Capturing substrings with complex delimiter, up to a maximum

jkeenan1 has asked for the wisdom of the Perl Monks concerning the following question:

Monks:

I have a solution to a pattern matching problem, but I seek the assistance of the monks in finding a more elegant solution.

The input is a string consisting of substrings which are URLs (starting with either 'http' or 'https' delimited, more or less, by commas. I say "more or less" because some of the URLs may themselves contain commas -- a business requirement I don't pretend to defend. Hence, it would be neither sufficient nor correct to split the input string on a comma. We only want to split on commas which precede 'http'.

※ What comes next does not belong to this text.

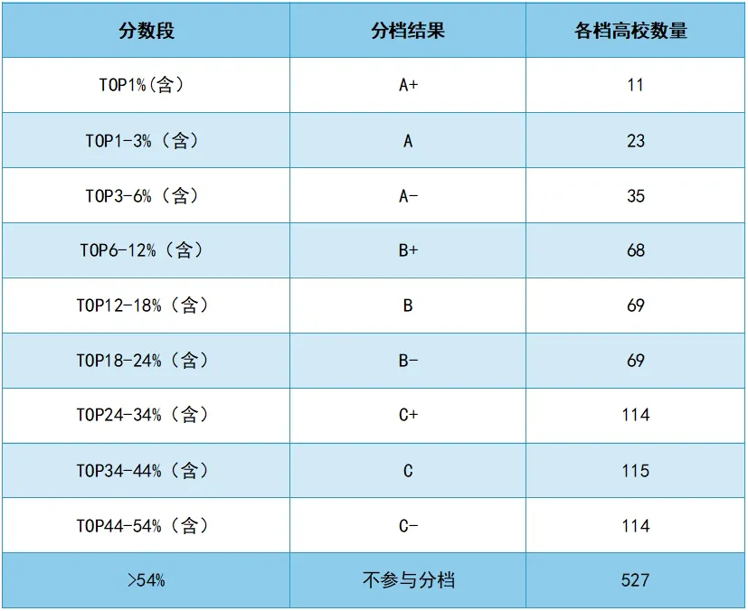 分档结果及各档高校数量一览表

    $input = q|http://abc.org,http://de,f.org,https://ghi.org|;
[download]

We should be able to capture 3 URLs from the above input string:

    @captures = (
        'http://abc.org',
        'http://de,f.org',
        'https://ghi.org',
    );
[download]

To further complicate the problem, we want to set a maximum number of URLs to be captured from the input string. Any URLs in excess of the maximum (which should be configurable) should not be captured and may be ignored.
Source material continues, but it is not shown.